§ Prompt
Each line below containing the word "Северна" needs to be shown.

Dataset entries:

----------------

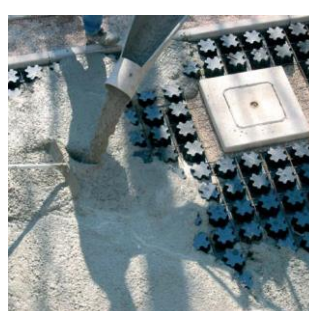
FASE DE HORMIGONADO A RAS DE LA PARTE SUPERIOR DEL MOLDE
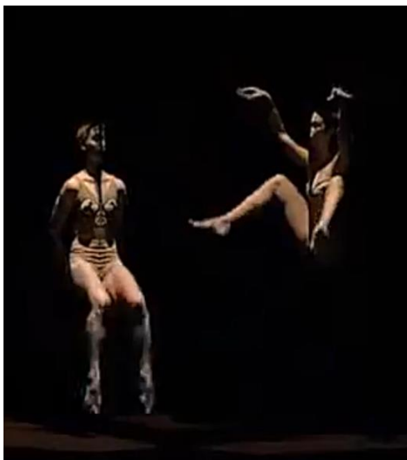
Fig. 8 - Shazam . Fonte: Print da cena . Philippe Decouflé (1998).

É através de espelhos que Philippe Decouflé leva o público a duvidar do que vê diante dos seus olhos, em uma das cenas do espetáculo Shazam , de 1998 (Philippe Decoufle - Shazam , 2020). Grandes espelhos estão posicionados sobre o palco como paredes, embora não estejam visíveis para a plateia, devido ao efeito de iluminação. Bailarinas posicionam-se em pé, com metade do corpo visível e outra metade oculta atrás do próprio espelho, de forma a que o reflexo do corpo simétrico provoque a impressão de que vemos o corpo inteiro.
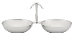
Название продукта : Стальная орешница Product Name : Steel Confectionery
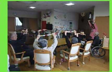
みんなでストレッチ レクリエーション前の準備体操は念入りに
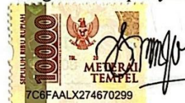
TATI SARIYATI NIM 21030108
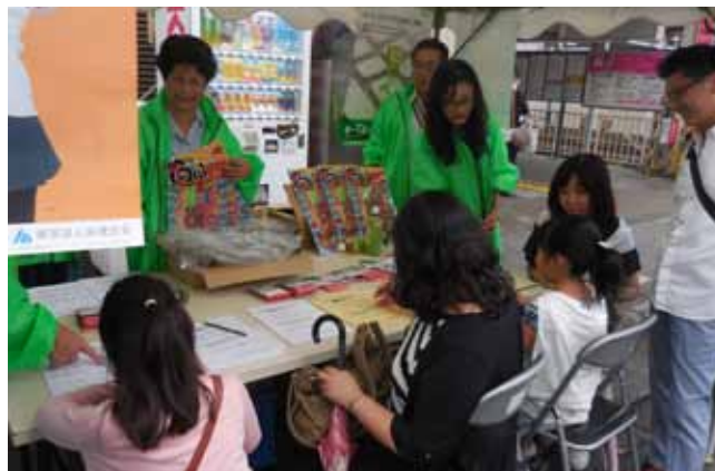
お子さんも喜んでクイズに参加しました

----------------

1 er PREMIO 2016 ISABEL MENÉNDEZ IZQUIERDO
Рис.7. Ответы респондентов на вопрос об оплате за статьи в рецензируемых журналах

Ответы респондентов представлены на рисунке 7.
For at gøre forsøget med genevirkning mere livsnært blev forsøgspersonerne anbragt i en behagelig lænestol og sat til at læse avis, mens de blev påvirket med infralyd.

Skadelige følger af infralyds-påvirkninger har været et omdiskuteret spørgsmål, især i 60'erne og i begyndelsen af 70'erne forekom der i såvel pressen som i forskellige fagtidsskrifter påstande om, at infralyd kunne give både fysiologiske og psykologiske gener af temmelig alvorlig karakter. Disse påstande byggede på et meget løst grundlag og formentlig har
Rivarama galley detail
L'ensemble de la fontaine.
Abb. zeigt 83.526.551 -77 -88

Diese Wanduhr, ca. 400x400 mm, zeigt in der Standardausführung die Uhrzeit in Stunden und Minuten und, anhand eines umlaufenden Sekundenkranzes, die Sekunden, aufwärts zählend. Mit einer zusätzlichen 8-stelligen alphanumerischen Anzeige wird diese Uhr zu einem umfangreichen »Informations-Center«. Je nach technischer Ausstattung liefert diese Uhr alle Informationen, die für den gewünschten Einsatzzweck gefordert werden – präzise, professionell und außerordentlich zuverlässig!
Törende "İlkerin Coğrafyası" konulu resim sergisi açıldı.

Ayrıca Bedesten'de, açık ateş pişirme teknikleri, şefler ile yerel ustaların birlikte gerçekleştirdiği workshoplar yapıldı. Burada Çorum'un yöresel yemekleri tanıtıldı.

----------------

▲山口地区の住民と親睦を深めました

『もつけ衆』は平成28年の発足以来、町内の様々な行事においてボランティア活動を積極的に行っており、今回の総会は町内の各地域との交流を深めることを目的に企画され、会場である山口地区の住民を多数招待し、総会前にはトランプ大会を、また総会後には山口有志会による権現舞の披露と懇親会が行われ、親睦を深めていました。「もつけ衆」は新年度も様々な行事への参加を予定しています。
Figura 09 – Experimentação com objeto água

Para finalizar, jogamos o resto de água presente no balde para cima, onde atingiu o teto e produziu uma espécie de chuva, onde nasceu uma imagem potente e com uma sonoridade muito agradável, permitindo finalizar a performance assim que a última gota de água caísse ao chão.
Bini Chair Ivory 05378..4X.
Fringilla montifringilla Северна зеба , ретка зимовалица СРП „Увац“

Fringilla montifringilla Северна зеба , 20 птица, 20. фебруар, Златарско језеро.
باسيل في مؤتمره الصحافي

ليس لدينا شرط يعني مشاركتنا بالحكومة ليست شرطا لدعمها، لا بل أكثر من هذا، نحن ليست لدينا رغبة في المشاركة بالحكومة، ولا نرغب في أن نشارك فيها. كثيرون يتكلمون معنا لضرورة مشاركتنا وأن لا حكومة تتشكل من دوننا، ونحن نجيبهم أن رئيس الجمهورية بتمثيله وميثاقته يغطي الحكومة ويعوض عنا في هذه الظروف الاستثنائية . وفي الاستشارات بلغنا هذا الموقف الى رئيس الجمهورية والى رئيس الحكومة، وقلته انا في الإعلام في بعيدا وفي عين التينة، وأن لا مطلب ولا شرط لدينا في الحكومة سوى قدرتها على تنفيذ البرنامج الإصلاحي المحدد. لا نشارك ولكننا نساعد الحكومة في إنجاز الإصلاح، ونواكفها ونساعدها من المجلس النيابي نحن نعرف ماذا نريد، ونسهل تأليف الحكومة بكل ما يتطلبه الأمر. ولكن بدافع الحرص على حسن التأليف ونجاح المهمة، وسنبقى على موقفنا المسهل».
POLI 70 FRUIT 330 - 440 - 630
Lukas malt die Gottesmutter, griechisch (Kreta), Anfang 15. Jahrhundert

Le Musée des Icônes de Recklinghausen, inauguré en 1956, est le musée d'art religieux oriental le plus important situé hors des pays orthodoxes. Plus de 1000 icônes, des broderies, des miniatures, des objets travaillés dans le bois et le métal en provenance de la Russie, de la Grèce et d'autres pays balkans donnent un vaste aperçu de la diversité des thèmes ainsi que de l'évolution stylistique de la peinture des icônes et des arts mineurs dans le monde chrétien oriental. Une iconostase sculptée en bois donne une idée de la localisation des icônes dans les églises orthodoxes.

----------------

§ Expected output
Fringilla montifringilla Северна зеба , ретка зимовалица СРП „Увац“
Fringilla montifringilla Северна зеба , 20 птица, 20. фебруар, Златарско језеро.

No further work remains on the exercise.